--- DATA ---
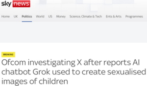 Shock news that the regulator has launched a formal investigation, and that a new law is being introduced, after the AI tool of ‘X’, Grok, was used to create sexualised imagery of women and children, highlight our decision NOT to use the social media site for The Eye’s stories as it (and its right wing owner Elon Musk) is so controversial.
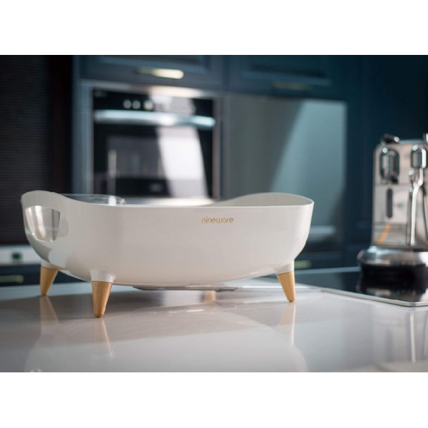 A streamlined, contoured body design expressed in high-glossy, robust colors are modestly exaggerated with wooden-style feet. This stylish appearance adds to the interior design of your kitchen. The 360° rotatable water drain can be adjusted to any direction you wish. The drain is easily detachable for intensive cleaning. The spoon holder is attachable to any part of the dishrack at your convenience. The partitioned structure of each utensil holder helps easy organization of your utensils. The perimeter walls are of 6.7" (17 centimeter) height, providing tableware racking capacity ideal for family of 4-6. The inner, slotted comparment walls are high enough to prevent tipping of plates. Extra design efforts were made for easy assembly. Just "click" the drain to the center hole and you are good to go. Our environmental concerns make Volume Dishwasher as 100% recyclable (ABS.)
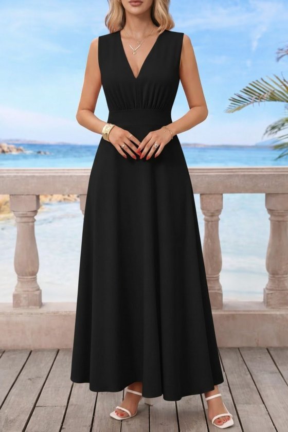 Kadın Askılı V Yakalı Bel Korsaj Detaylı Uzun Ithal Krep Elbise
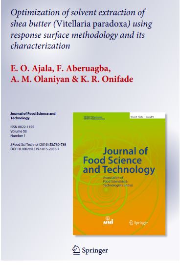 Ajala, E.O, Aberuagba, F., Olaniyan, A. M. & Onifade, K. R. (2015): Optimization of solvent extraction of shea butter (Vitellaria paradoxa) using response surface methodology and its characterisation. Journal of Food Science and Technology, 53(1): 730 – 738. Published by Springer Association of Food Scientists and Technologists of India (AFSTI) Available online at http://link.springer.com/article/10.1007/s13197-015-2033-7
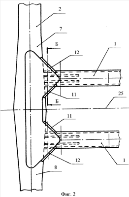 Сварку вертикальных ребер жесткости со стенкой 22 боковой балки осуществляют с использованием предусмотренных в стенках, в основаниях поперечин торцевых вырезов. Перед сборкой последующих соединительных элементов коробчатого узла торцевые вырезы 19 заваривают планками 21, крепящими боковую балку сварочными швами 23 и 24 к поперечинам.
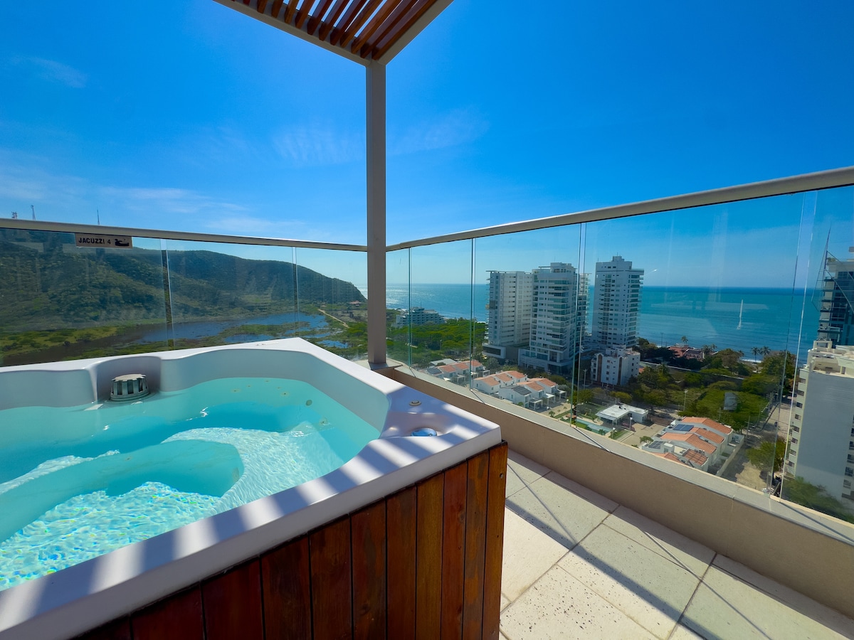 Privilegiado apartamento frente al mar, con jacuzzi privado. Está ubicado un exclusivo edificio del complejo Hotelero Irotama, con acceso a todas las instalaciones del resort 5 estrellas incluyendo restaurantes, bares, piscinas, práctica de golf, spa, cancha de tenis, gimnasio y actividades todos los días. Se encuentra ubicado en Bello Horizonte, a 5 Km del aeropuerto Simón Bolívar y a 7 Km del Rodadero. Transporte gratis desde y hacia el aeropuerto y dentro del resort.
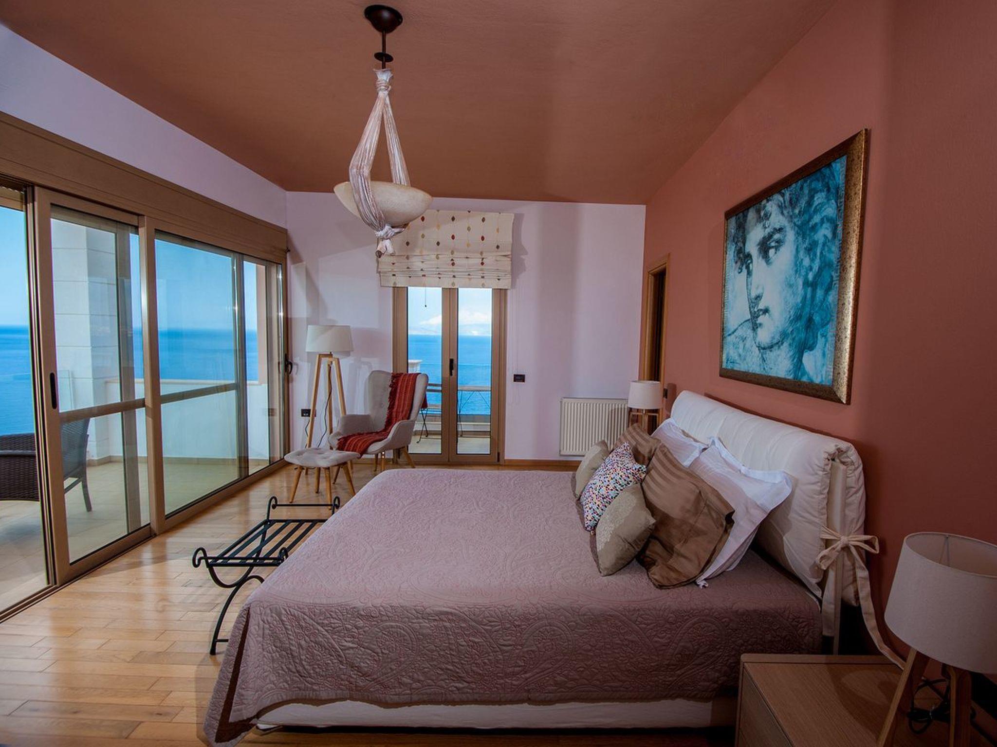 On the upper floor there are four bedrooms. The master bedroom with a double bed has en-suite bathroom with a shower, the second bedroom has a double size bed, one has two twin beds and the fourth one has a single bed. These rooms have access to a large veranda with amazing views to the sea and the Gulf of Agios Nikolaos. There is also a bathroom, with a Jacuzzi bathtub.
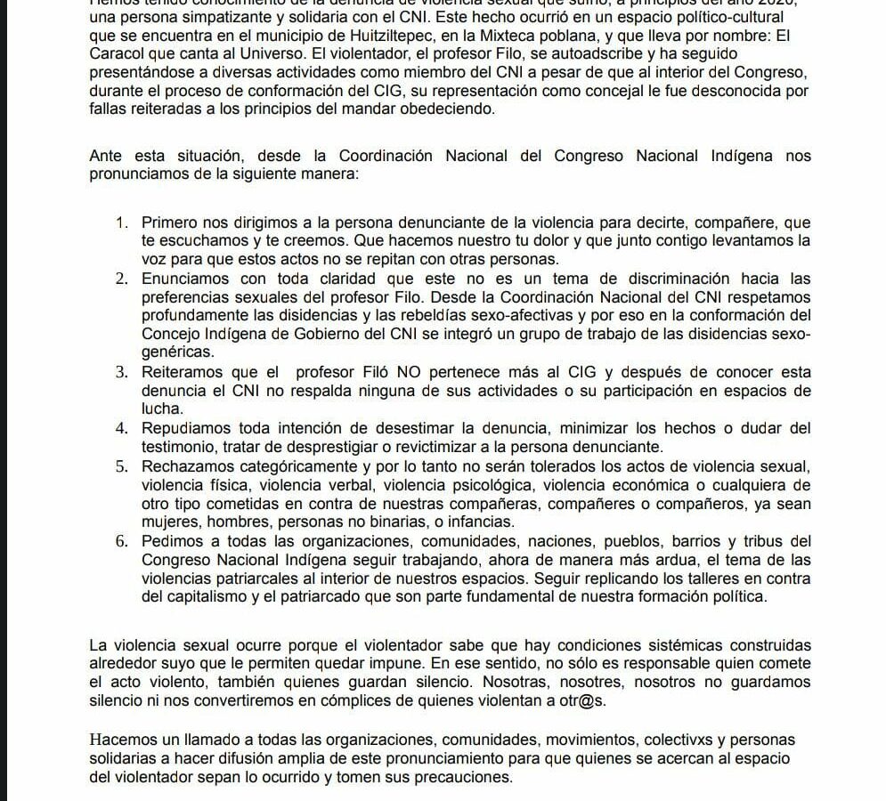 Compañeras, compañeres y compañeros, desde el corazón colectivo que somos, con gran rabia e indignación…
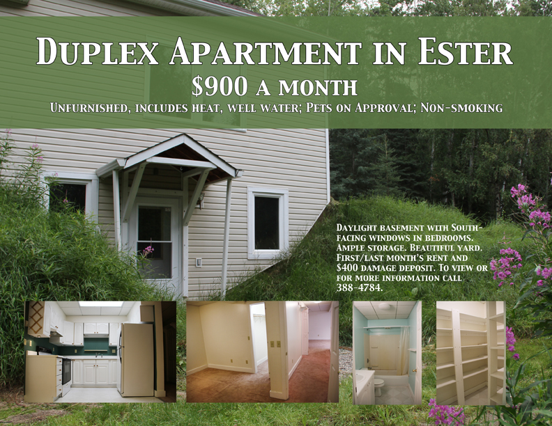 Welcome to the historic community of Ester! This adorable and affordable unit is only 10 minutes from the university. The two-room apartment is $900 a month, includes heat, has a well and features a beautiful kitchen and lots of storage. Click on image to download. Call to view or for more information: 388-4784.
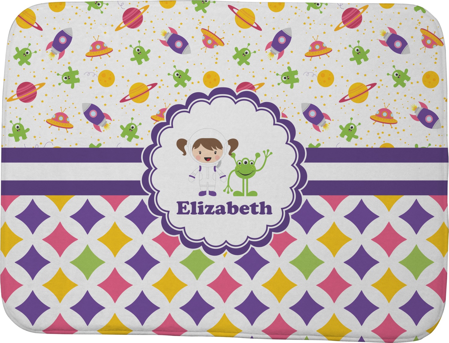 Girls love space exploration too. We have used our popular space design full of little green martians, purple and pink spaceships, yellow and pink planets, and yellow stars galore and paired it with a whimsical diamond pattern using coordinating colors.
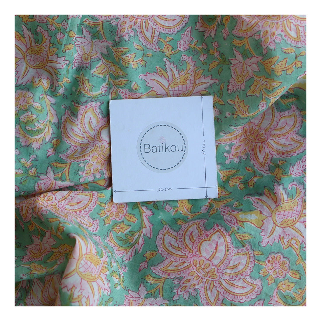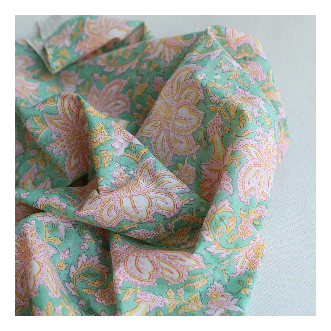 Découvrez l'authenticité et le charme du tissu indien en coton, imprimé à la main selon la technique ancestrale du block print. Ce tissu de qualité supérieure est idéal pour ajouter une touche exotique et artisanale à vos créations.
---
Although the records include pictures, the copy should reproduce every line exactly and none of the pictures.

* [SOLUTION]:
 Shock news that the regulator has launched a formal investigation, and that a new law is being introduced, after the AI tool of ‘X’, Grok, was used to create sexualised imagery of women and children, highlight our decision NOT to use the social media site for The Eye’s stories as it (and its right wing owner Elon Musk) is so controversial.
 A streamlined, contoured body design expressed in high-glossy, robust colors are modestly exaggerated with wooden-style feet. This stylish appearance adds to the interior design of your kitchen. The 360° rotatable water drain can be adjusted to any direction you wish. The drain is easily detachable for intensive cleaning. The spoon holder is attachable to any part of the dishrack at your convenience. The partitioned structure of each utensil holder helps easy organization of your utensils. The perimeter walls are of 6.7" (17 centimeter) height, providing tableware racking capacity ideal for family of 4-6. The inner, slotted comparment walls are high enough to prevent tipping of plates. Extra design efforts were made for easy assembly. Just "click" the drain to the center hole and you are good to go. Our environmental concerns make Volume Dishwasher as 100% recyclable (ABS.)
 Kadın Askılı V Yakalı Bel Korsaj Detaylı Uzun Ithal Krep Elbise
 Ajala, E.O, Aberuagba, F., Olaniyan, A. M. & Onifade, K. R. (2015): Optimization of solvent extraction of shea butter (Vitellaria paradoxa) using response surface methodology and its characterisation. Journal of Food Science and Technology, 53(1): 730 – 738. Published by Springer Association of Food Scientists and Technologists of India (AFSTI) Available online at http://link.springer.com/article/10.1007/s13197-015-2033-7
 Сварку вертикальных ребер жесткости со стенкой 22 боковой балки осуществляют с использованием предусмотренных в стенках, в основаниях поперечин торцевых вырезов. Перед сборкой последующих соединительных элементов коробчатого узла торцевые вырезы 19 заваривают планками 21, крепящими боковую балку сварочными швами 23 и 24 к поперечинам.
 Privilegiado apartamento frente al mar, con jacuzzi privado. Está ubicado un exclusivo edificio del complejo Hotelero Irotama, con acceso a todas las instalaciones del resort 5 estrellas incluyendo restaurantes, bares, piscinas, práctica de golf, spa, cancha de tenis, gimnasio y actividades todos los días. Se encuentra ubicado en Bello Horizonte, a 5 Km del aeropuerto Simón Bolívar y a 7 Km del Rodadero. Transporte gratis desde y hacia el aeropuerto y dentro del resort.
 On the upper floor there are four bedrooms. The master bedroom with a double bed has en-suite bathroom with a shower, the second bedroom has a double size bed, one has two twin beds and the fourth one has a single bed. These rooms have access to a large veranda with amazing views to the sea and the Gulf of Agios Nikolaos. There is also a bathroom, with a Jacuzzi bathtub.
 Compañeras, compañeres y compañeros, desde el corazón colectivo que somos, con gran rabia e indignación…
 Welcome to the historic community of Ester! This adorable and affordable unit is only 10 minutes from the university. The two-room apartment is $900 a month, includes heat, has a well and features a beautiful kitchen and lots of storage. Click on image to download. Call to view or for more information: 388-4784.
 Girls love space exploration too. We have used our popular space design full of little green martians, purple and pink spaceships, yellow and pink planets, and yellow stars galore and paired it with a whimsical diamond pattern using coordinating colors.
 Découvrez l'authenticité et le charme du tissu indien en coton, imprimé à la main selon la technique ancestrale du block print. Ce tissu de qualité supérieure est idéal pour ajouter une touche exotique et artisanale à vos créations.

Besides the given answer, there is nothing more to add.